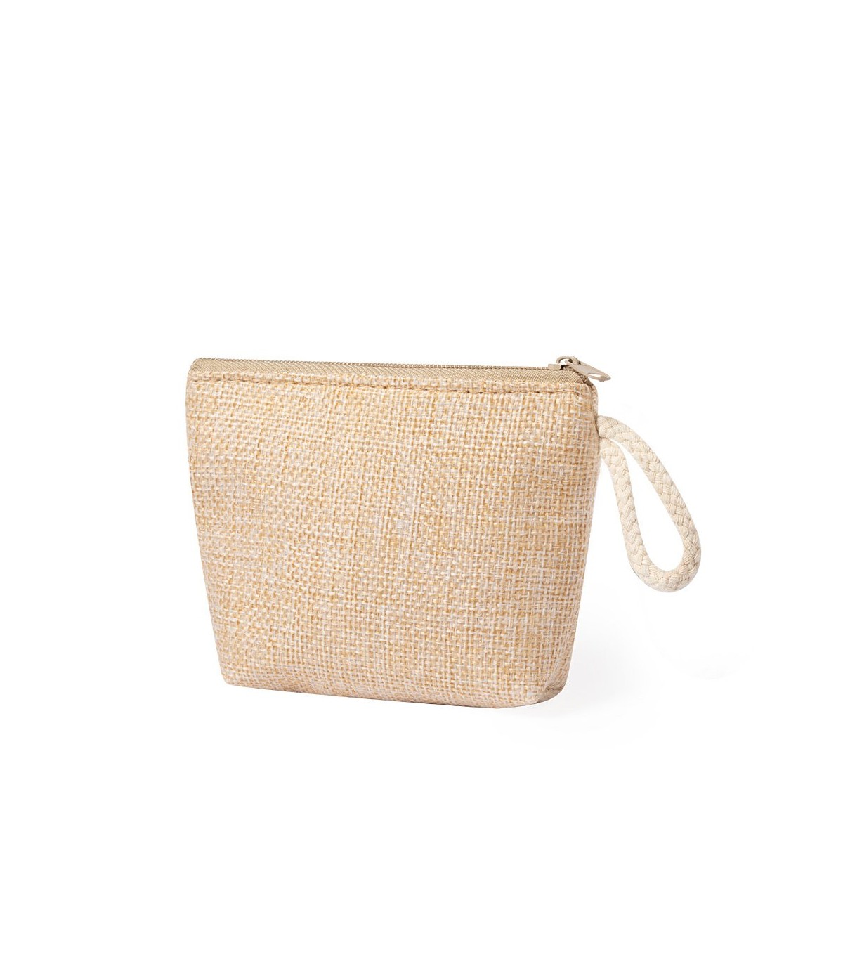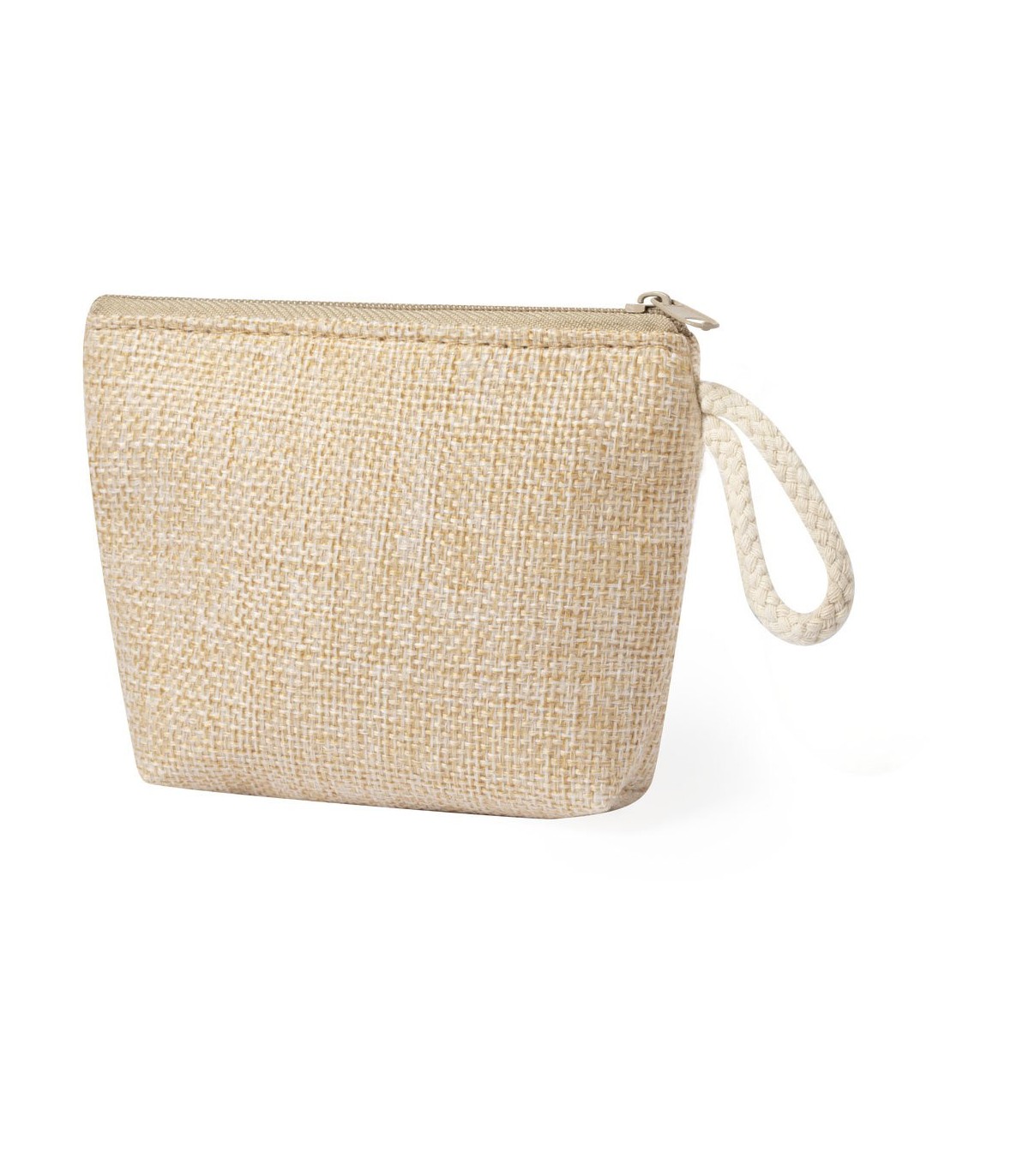 Monedero en algodón/poliéster, con asa a juego y cierre de cremallera.
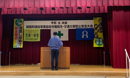 令和6年6月26日令和6年度釧路町建設事業協会労働衛生・交通災害防止安全大会が行われました。入社2年目の土木部 小林莉来が安全宣言を行いました。
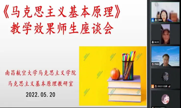 为了深入学习贯彻落实党的十九届六中全会精神、习近平总书记4月25日在中国人民大学考察时的重要讲话精神和习近平总书记在庆祝中国共产主义青年团成立100周年大会上的重要讲话精神,贯彻落实中共江西省委教育工委、江西省教育厅关于《进一步推进“问题式专题化团队教学改革”工作方案》的通知要求,推动思政课改革创新,推进思政课高质量发展,全面推动习近平新时代中国特色社会主义思想进教材、进课堂、进头脑,增强思政课的思想性、理论性和亲和力、针对性,2022年5月20日晚,南昌航空大学马克思主义学院“马克思主义基本原理”(以下简称原理)教研室召开教学效果师生座谈会。
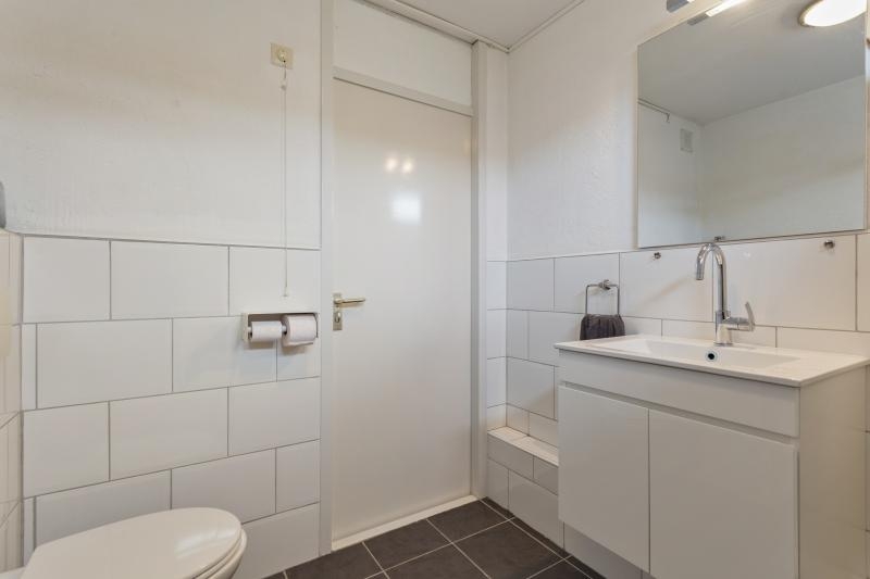 De wit (muur) met grijs (vloer) betegelde badkamer aan de achterzijde is ingericht met een douchecabine, wastafelmeubel, designradiator en 2e (hangend) toilet.
|---|
### Exercise details
Without any pictures, repeat the listing exactly.

### Your response
 Monedero en algodón/poliéster, con asa a juego y cierre de cremallera.
 令和6年6月26日令和6年度釧路町建設事業協会労働衛生・交通災害防止安全大会が行われました。入社2年目の土木部 小林莉来が安全宣言を行いました。
 为了深入学习贯彻落实党的十九届六中全会精神、习近平总书记4月25日在中国人民大学考察时的重要讲话精神和习近平总书记在庆祝中国共产主义青年团成立100周年大会上的重要讲话精神,贯彻落实中共江西省委教育工委、江西省教育厅关于《进一步推进“问题式专题化团队教学改革”工作方案》的通知要求,推动思政课改革创新,推进思政课高质量发展,全面推动习近平新时代中国特色社会主义思想进教材、进课堂、进头脑,增强思政课的思想性、理论性和亲和力、针对性,2022年5月20日晚,南昌航空大学马克思主义学院“马克思主义基本原理”(以下简称原理)教研室召开教学效果师生座谈会。
 De wit (muur) met grijs (vloer) betegelde badkamer aan de achterzijde is ingericht met een douchecabine, wastafelmeubel, designradiator en 2e (hangend) toilet.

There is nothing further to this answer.